About STX / Syntaxin:
Syntaxin is a protein that in humans is encoded by the STXN gene. It functions as an essential part of the membrane dynamics and fusion processes within cells, including neurotransmitter release from synapses. Syntaxin also plays a role in mitosis (cell division). The syntaxin molecule has three domains: SNARE proteins for vesicle docking and fusion, a coiled-coil region containing the SNARE motifs which facilitate binding to SNAP-25 (another protein), and an N-terminal amphipathic helix that binds membrane phospholipids.
Syntaxin facilitates neurotransmitter release from presynaptic neurons or cells by allowing the fusion of neurotransmitter-containing vesicles with the plasma membrane.
Syntaxin is typically assembled as a four-helix bundle. It forms a coiled-coil structure consisting of an amphipathic alpha-helix, which binds to phospholipids in cell membranes via its lipid anchor sequence (VFGXG). This helix is connected to the SNARE complex by an extended coil region (RX-L/F-Y) that forms a coiled-coil with another syntaxin molecule. The long alpha-helices of Syntaxin are held together in the bundle by hydrophobic interactions between the nonpolar side chains on each helical turn.

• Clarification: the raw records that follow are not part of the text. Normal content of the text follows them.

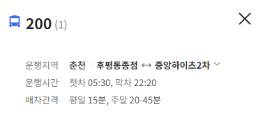 춘천 200번 버스 노선 정보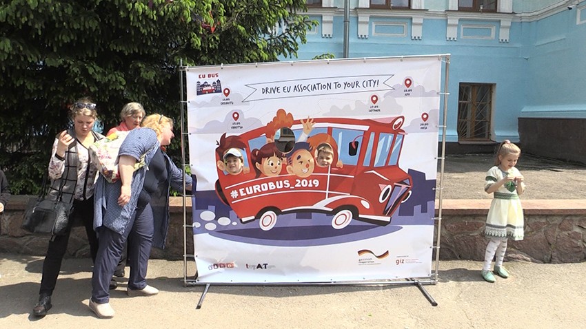 «Ми приїхали з командою з міста Чернівці. Взагалі ми їдемо туром по українських містах до Дня Європи для того, щоб розповісти про Угоду про асоціацію України з ЄС. Ми вже були в Чернівцях, Вінниці. Ми зрозуміли вже, навіть, проїхавши два міста, що українці дійсно знають дуже мало, що таке Угода про асоціацію, що це не є членство України в ЄС та які вона дає можливості. Для студентів - це можливість не тільки подорожувати, але й навчатися на рівні з європейськими студентами на безкоштовній основі, наприклад, їхати на рік чи на півроку. Є неакадемічна мобільність, їхати на обмін, на волонтерство. Для всіх людей це зона вільної торгівлі, яка в нас є. Збільшення кількості експорту української продукції на зовнішні європейські ринки. Для громадських організації - як залучити кошти, як реалізовувати спільні проекти спільно з Європейським Союзом. Це основні речі, але їх є ще набагато більше. Наша мета - показати в такій інтерактивній формі, що це просто і всім доступно»,- розповідає менеджер проекту «ЄврОбус» Юлія Козак.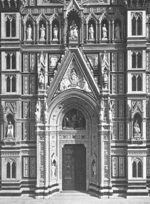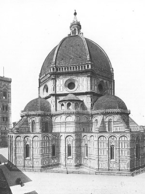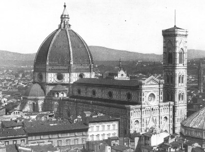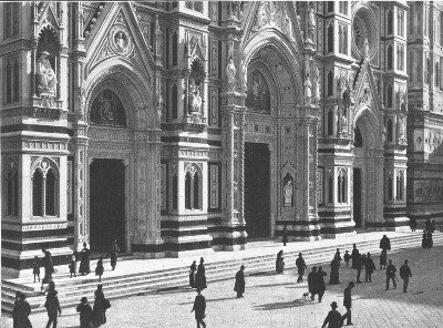 "In the year 1294," wrote Giovanni Villani, who was a youth in Florence at the time, "the city of Florence being in a state of tranquility, the citizens agreed to rebuild the chief church, which was very rude in form and in small proportion to such a city, and that it should be enlarged, and that it should be made all of marble and with carven figures. And the foundation was laid on the day of St. Mary, in September, by the Cardinal Legate of the Pope, in the presence of all the ranks of the Signory of Florence. And it was consecrated to the honor of God and St. Mary, under the name of St. Mary of the Flower (Santa Maria del Fiore). And for the building of the church taxes were ordered, and the Legate and bishops bestowed great indulgences and pardons to everyone who should contribute aid and alms to the work."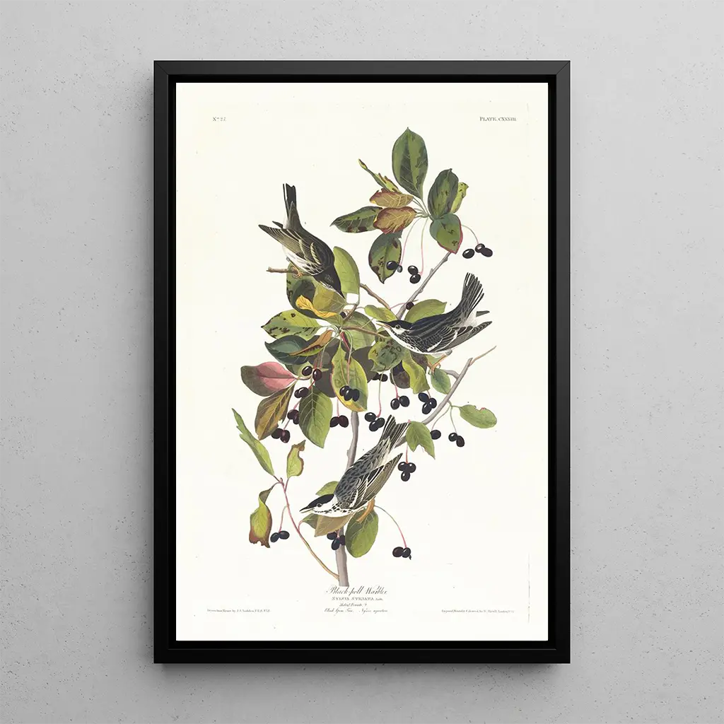 John James Audubon, naturaliste et peintre du début du XIXe siècle, est reconnu pour son œuvre monumentale sur les oiseaux d'Amérique. Né en Haïti, il a été influencé par les paysages luxuriants de son enfance et par sa passion pour la nature. Audubon a su allier art et science, capturant la diversité aviaire avec une précision remarquable. Son style, à la fois réaliste et poétique, a marqué son époque et continue d’inspirer les artistes et les naturalistes. La Paruline rayée est l’un des nombreux exemples de son engagement à documenter la faune américaine, faisant de lui une figure emblématique de l'art naturaliste.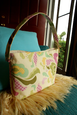 Gussy says: Brighten up your day with this charming Gussy bag sewn from Heather Bailey fabrics!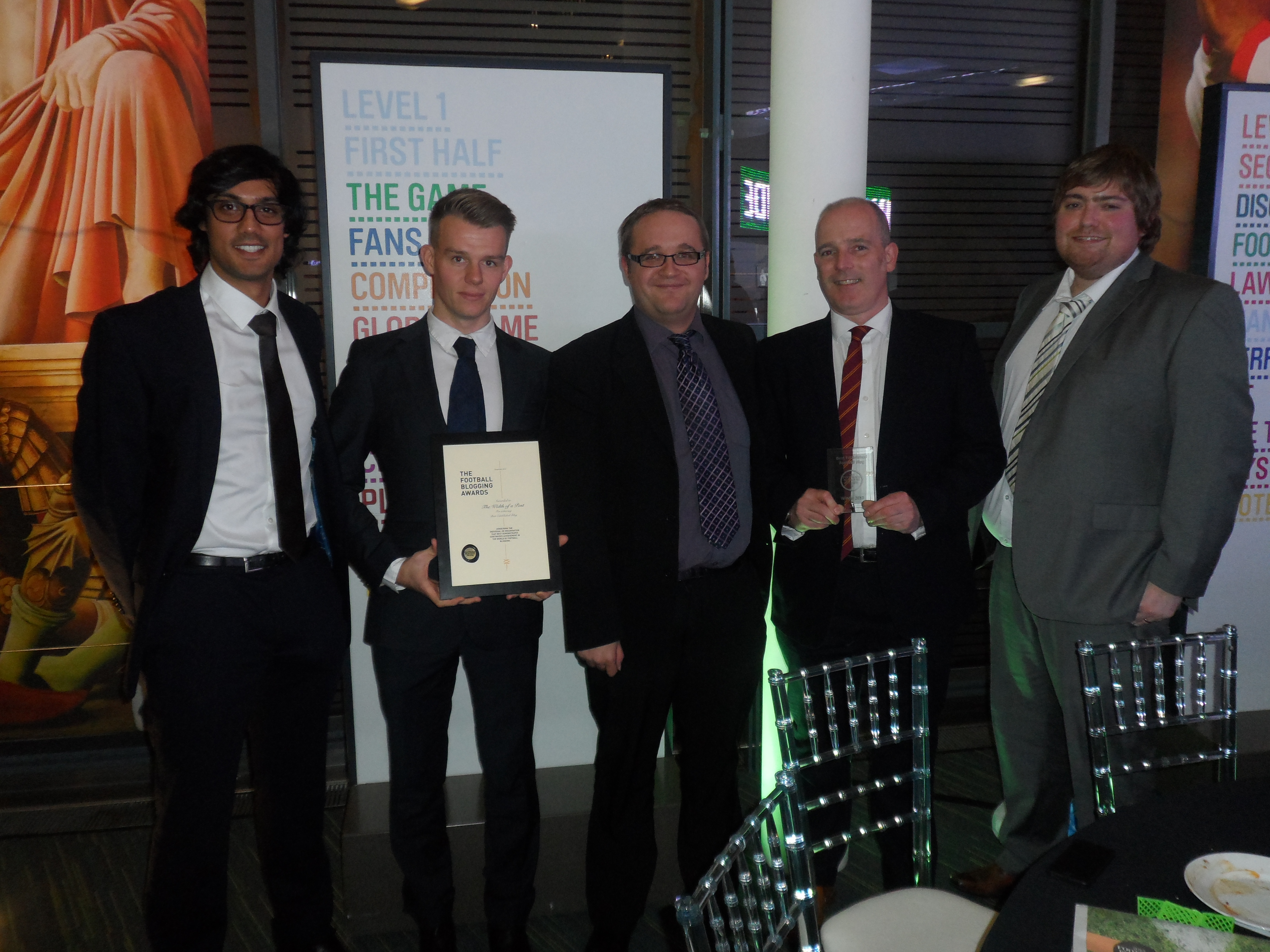 I’m incredibly proud to announce that Width of a Post has won the award of Best Established Football Blog at the 2013 Football Blogging Awards. We beat off some stiff competition from some excellent blogs (Manchester United, Arsenal, Crystal Palace, Peterborough and, ahem, Leeds United), and were also shortlisted (but didn’t win) for Best Club Blog.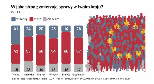 Jak podkreślają autorzy opracowania, Polska jest jedynym krajem wśród badanych, w którym utrzymuje się wysokie poparcie dla partii centrowych – w sumie 52 proc. respondentów wskazało zamiar głosowania na KO lub TD, co jest wynikiem wyższym niż w ostatnich wyborach parlamentarnych. We Francji natomiast wygrywa Front Narodowy z 33 proc. poparcia, w Holandii radykalnie prawicowa i antyislamska Partia Wolności – 25 proc. poparcia, we Włoszech pierwsze miejsce zajmują Bracia Włosi z 28-proc. wynikiem. W Niemczech co prawda pierwsze miejsce zajmuje centroprawicowa CDU – 29 proc., ale na drugim miejscu plasuje się AfD z 17 proc., która przeskakuje SPD.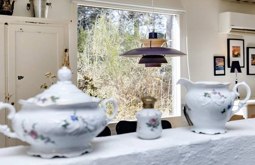 Bright and well-kept cottage located on a large natural plot in quiet, scenic surroundings in the small fishing village Nr. Lyngby a little north of Løkken. The house is located at the end of a cul de sac and thus completely undisturbed. The house was completely modernized in 2012. It contains a living room / kitchen in open connection, two bedrooms and a bathroom with shower and underfloor heating. The living room is bright and well-appointed with furniture in the well-known Danish holiday home style, where the owner has managed to match new and retro furniture with a sure hand. The result is a very well-functioning living area with good light and very good space for cosiness and togetherness. On the terraces around the house you can stay undisturbed and find both shelter and sun. From here there is direct access to the large, completely undisturbed natural plot. For cheap heating, the house is equipped with both air-to-air heat pump and wood stove. There is a large extra fridge / freezer in the shed. Not for rent to youth groups. If you are several families who want to leave together, then the house next door can also be rented. See under house number 08439.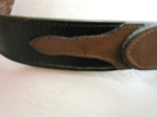 Tan billets decorate this thick and sturdy belt - Hand finished saddle leather with edge stitching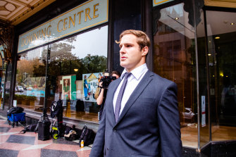 St George Illawarra player Jack de Belin leaving the Downing Centre on Thursday.Credit:Edwina Pickles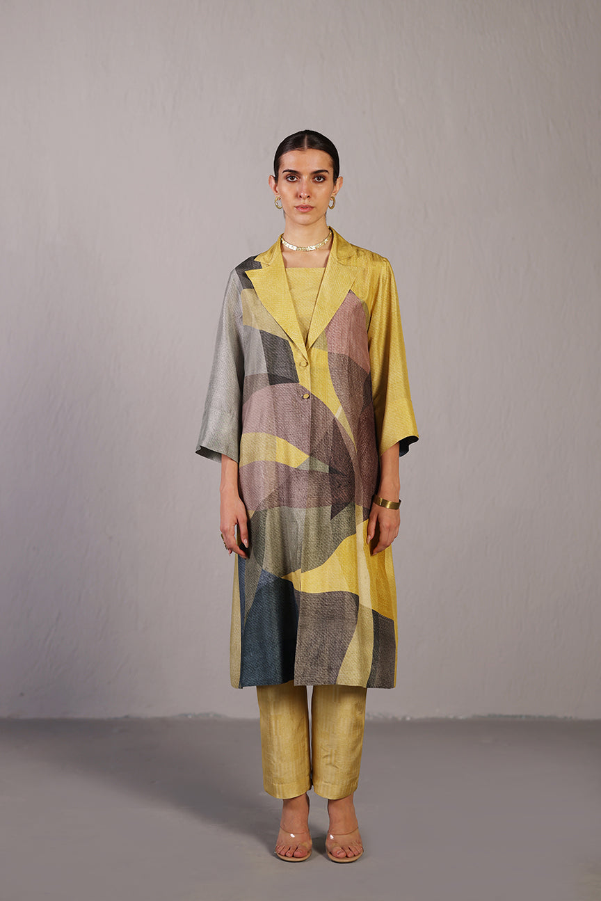 A yellow-grey kurta set comprising of a long bright coloured jacket with long sleeves, a cut sleeve inner & straight pants curated in a soft silk fabric, designed in-house. Fabric - Dupion Silk Color - Yellow & Grey No. of Components - 3 Care - Dry Clean  Delivery - 21...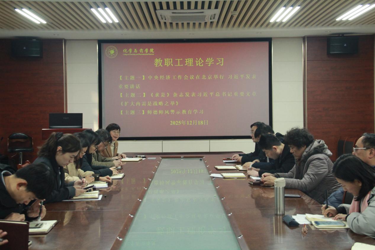 12月18日,太阳成集团tyc122ccvip在化学楼207会议室开展教职工理论学习。会议由学院党委副书记刘兴华主持,全体教职工参加。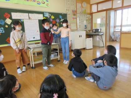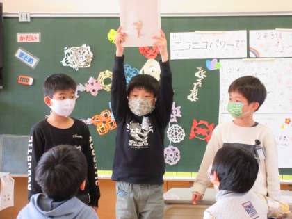 今日は、最後のお楽しみ集会を開きました。係ごとに友達と協力し、読み聞かせ・ジェスチャーしりとり・くじびき等、楽しい出し物をしました。2年間一緒に勉強をしたり、遊んだりしたことを思い出していました。「すてきがいっぱいの一年間になったよ」と笑顔で話している子供たちの姿が印象的でした。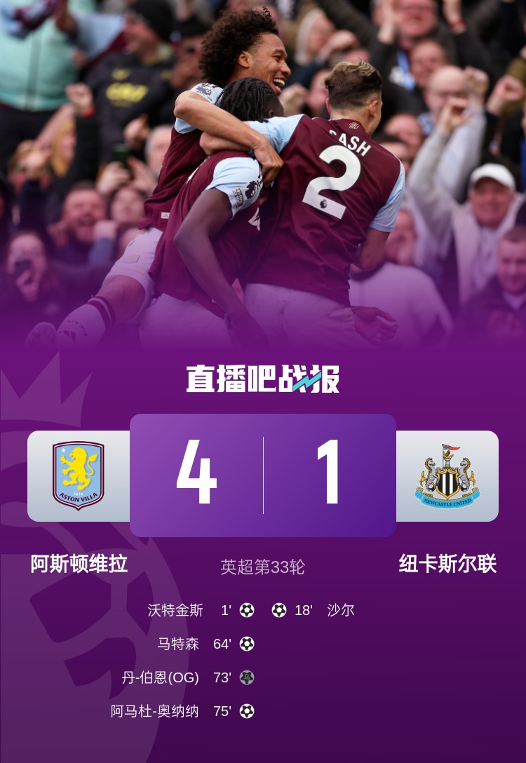 英超聯(lián)賽第33輪,阿斯頓維拉4-1大勝紐卡斯爾聯(lián),沃特金斯傳射,馬特森進球。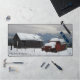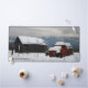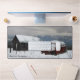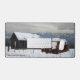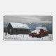 Eine winterliche Landschaft mit einem schneebedeckten, verfallenen, alten, roten LKW, der in der Nähe einer Kampferhütte nah zu Sandpoint, ID sitzt. Fügen Sie Ihren eigenen Text hinzu.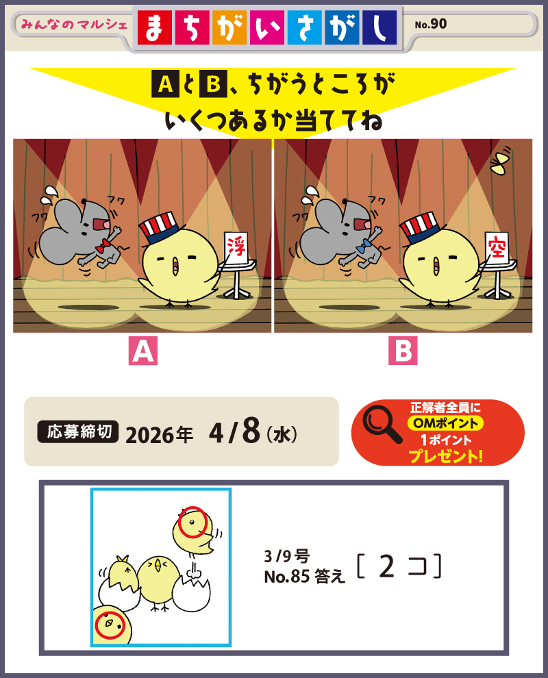 No.90 まちがいさがしでOMポイントをGet! 応募締切 4/8(水)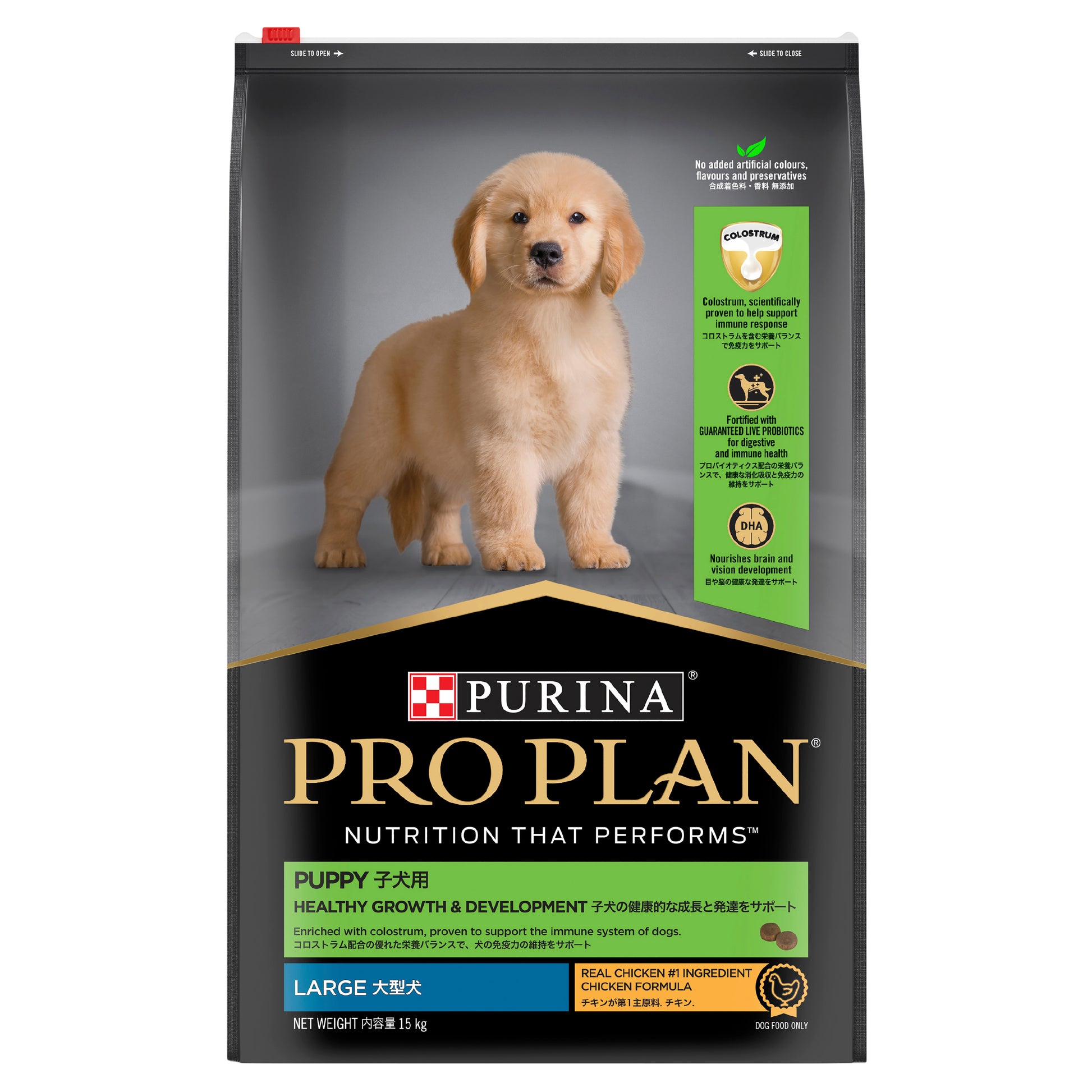 The first year of your dog's life is crucial to their long-term health, which is why they need nutrition specificially formulated to nourish their developing bodies and minds. PRO PLAN Puppy Large Breed Chicken Dry Dog Food with Colostrum and Probiotics combines all the essential nutrients that puppies need, including colostrum - proven to boost the immune system and protect them from common intestinal upsets. These recipes help provide targeted benefits, such as high digestibility and high nutrient absorption to support your dog’s long-term health. The natural glucosamine and minerals help support healthy joint, skeletal and teeth development for large breed puppies. Now with PRO PLAN, you can nourish your dog's microbiome with Probiotics to support their gut, immune and overall health.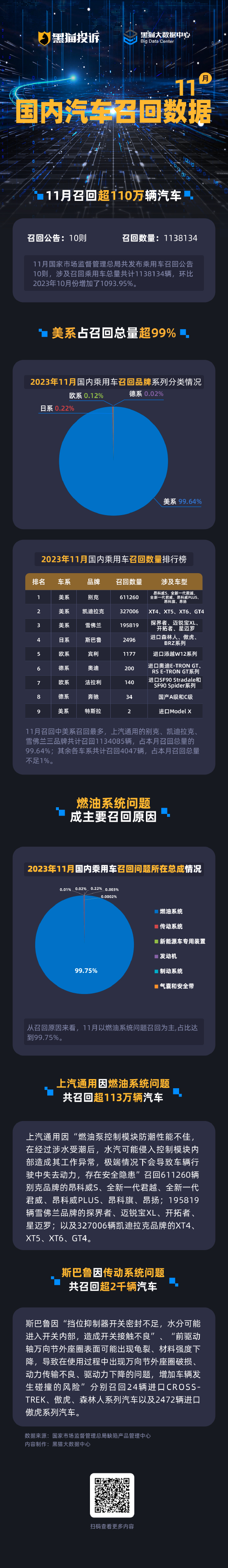 黑猫投诉发布11月国内汽车召回数据:上汽通用因燃油系统问题共召回超113万辆汽车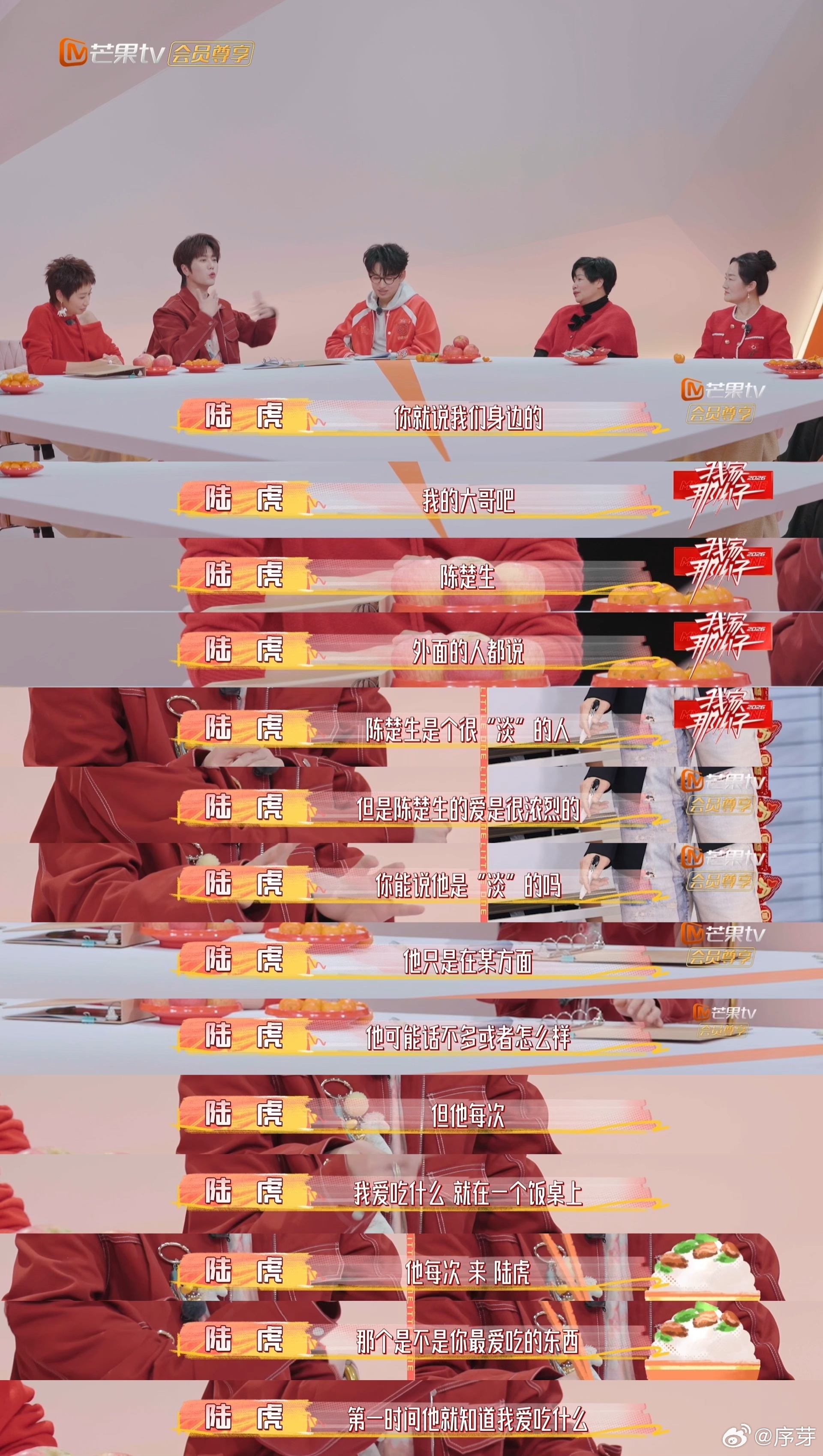 陆虎说陈楚生虽淡但爱很浓烈 陈楚生是个低调的人,但他对朋友的关心却无处不在。每次聚会,他总能第一时间知道大家喜欢什么,虽然话不多,但他的爱永远在细节中体现。 我家那小子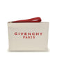 Elevate your style with the Canvas Pochette by Givenchy, a chic clutch designed for the modern woman. Featuring a zip closure, a grosgrain shoulder strap lined with leather, and the iconic GIVENCHY Paris logo on the front, this pochette is both stylish and functional. Made in Italy, it boasts a main compartment and a flat inner pocket for your essentials. Season: AW25. Dimensions: 19x19x5. Composition: 58% Cotton, 38% Linen, 4% Polyurethane.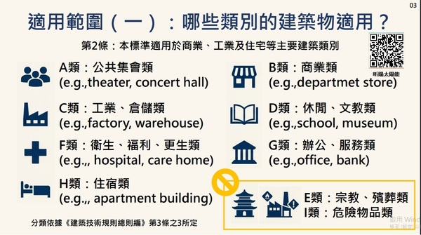 本條例第十二條之一第一項之建築物範圍,指建築技術規則總則編第三條之三所定A類、B類、C類、D類、F類、G類及H類建築物(以下簡稱建築)。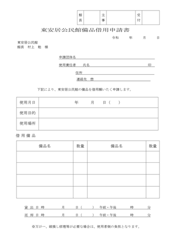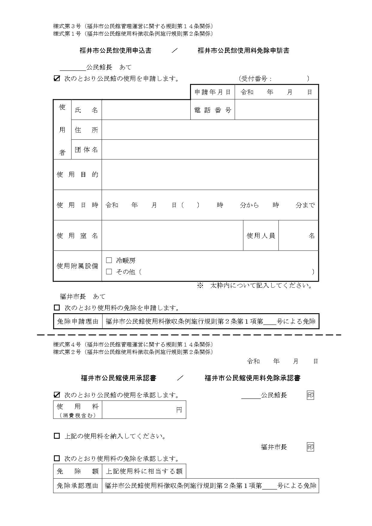 (電話、メールもしくは直接公民館にて) - 「福井市公民館使用申込書」に必要事項を記入し提出

Syntaxin interacts with SNAP-25 via the amphipathic helices that bind to membrane phospholipids and thus allows for the association of these two proteins in creating a fusion pore used to allow neurotransmitters to pass through the plasma membrane into the synaptic cleft. It also binds to N-ethylmaleimide sensitive fusion protein (NSF), a ubiquitin ligase that catalyzes the transfer of ubiquitin to SNAP-25 and Syntaxin. This modification of these proteins is necessary for their role in neurotransmitter release and membrane fusion.